### Stored data
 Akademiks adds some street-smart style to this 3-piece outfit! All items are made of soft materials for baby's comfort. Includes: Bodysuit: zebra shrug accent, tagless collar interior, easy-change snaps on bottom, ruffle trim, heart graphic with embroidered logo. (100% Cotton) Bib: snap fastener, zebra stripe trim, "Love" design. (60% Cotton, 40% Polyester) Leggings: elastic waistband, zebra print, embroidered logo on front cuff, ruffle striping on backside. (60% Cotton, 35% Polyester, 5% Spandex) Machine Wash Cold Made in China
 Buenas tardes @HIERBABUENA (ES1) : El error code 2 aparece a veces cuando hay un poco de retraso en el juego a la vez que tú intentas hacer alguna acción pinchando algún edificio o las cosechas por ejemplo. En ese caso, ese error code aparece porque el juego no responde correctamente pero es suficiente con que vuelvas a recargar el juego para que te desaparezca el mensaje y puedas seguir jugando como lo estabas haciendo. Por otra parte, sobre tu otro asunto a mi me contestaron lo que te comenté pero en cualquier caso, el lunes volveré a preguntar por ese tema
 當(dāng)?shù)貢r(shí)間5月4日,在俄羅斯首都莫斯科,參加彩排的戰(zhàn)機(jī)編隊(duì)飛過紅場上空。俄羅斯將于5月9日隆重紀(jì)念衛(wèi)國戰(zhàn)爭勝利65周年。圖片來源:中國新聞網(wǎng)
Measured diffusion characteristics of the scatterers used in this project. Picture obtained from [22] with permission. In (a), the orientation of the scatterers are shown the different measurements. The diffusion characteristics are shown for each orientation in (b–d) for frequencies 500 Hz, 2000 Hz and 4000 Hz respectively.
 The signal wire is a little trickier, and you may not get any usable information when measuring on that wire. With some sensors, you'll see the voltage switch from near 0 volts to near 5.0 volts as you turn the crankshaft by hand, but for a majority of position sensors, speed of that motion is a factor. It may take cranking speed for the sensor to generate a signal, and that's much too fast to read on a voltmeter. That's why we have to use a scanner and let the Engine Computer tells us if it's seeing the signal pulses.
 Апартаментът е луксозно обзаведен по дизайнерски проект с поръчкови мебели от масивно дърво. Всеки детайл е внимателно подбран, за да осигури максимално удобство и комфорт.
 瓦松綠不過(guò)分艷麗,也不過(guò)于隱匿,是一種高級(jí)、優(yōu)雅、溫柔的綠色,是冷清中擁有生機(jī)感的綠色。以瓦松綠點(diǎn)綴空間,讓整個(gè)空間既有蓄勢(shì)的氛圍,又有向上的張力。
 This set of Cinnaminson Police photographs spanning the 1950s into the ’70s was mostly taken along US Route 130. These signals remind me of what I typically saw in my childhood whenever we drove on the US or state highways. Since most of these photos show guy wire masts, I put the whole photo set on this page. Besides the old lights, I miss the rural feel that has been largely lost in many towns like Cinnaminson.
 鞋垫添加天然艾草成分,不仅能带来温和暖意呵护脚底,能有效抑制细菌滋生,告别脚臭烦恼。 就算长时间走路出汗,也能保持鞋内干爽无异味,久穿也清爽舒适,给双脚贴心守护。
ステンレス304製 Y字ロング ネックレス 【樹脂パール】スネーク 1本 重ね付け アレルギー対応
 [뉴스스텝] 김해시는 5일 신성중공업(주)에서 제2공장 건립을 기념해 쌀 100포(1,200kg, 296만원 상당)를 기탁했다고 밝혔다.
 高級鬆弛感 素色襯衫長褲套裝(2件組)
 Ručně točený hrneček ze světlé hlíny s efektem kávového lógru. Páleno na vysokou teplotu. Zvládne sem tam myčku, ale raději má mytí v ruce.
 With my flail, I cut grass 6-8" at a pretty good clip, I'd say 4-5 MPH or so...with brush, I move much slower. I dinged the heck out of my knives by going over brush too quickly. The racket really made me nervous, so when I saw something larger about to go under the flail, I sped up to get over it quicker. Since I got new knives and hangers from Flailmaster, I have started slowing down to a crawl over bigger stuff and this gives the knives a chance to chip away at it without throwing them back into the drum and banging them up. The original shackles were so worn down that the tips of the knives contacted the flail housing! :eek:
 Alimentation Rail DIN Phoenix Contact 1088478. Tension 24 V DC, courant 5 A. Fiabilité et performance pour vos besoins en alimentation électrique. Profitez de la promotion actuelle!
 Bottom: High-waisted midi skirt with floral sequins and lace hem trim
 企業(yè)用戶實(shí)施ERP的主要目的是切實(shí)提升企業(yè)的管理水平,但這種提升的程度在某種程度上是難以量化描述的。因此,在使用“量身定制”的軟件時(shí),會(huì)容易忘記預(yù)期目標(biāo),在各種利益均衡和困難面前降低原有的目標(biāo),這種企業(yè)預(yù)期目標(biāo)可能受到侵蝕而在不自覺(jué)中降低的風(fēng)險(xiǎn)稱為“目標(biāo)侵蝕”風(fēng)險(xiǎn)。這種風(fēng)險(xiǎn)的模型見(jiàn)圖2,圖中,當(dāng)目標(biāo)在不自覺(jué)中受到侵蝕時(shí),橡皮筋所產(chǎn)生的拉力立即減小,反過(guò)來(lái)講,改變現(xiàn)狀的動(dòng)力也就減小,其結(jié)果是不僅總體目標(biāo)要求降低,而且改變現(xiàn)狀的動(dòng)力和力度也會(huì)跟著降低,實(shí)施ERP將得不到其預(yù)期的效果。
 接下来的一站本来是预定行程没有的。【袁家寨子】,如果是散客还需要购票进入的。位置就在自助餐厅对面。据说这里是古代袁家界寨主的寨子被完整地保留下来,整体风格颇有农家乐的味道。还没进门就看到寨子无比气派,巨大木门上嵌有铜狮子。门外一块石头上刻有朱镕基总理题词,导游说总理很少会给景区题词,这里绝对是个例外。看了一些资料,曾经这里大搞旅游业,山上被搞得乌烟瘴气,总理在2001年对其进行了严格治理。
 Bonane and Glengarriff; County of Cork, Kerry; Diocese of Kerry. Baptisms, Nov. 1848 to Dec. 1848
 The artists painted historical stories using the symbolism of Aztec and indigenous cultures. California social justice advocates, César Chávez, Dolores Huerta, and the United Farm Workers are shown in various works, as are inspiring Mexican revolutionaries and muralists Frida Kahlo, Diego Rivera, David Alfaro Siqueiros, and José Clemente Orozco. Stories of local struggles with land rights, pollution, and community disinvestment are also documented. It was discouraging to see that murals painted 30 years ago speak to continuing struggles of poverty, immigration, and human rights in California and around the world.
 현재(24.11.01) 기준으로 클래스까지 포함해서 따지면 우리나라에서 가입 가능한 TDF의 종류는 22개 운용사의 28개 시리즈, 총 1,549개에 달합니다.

### REQUIREMENT
List every line above that holds the word "Since".

### FINISHED TASK
 This set of Cinnaminson Police photographs spanning the 1950s into the ’70s was mostly taken along US Route 130. These signals remind me of what I typically saw in my childhood whenever we drove on the US or state highways. Since most of these photos show guy wire masts, I put the whole photo set on this page. Besides the old lights, I miss the rural feel that has been largely lost in many towns like Cinnaminson.
 With my flail, I cut grass 6-8" at a pretty good clip, I'd say 4-5 MPH or so...with brush, I move much slower. I dinged the heck out of my knives by going over brush too quickly. The racket really made me nervous, so when I saw something larger about to go under the flail, I sped up to get over it quicker. Since I got new knives and hangers from Flailmaster, I have started slowing down to a crawl over bigger stuff and this gives the knives a chance to chip away at it without throwing them back into the drum and banging them up. The original shackles were so worn down that the tips of the knives contacted the flail housing! :eek:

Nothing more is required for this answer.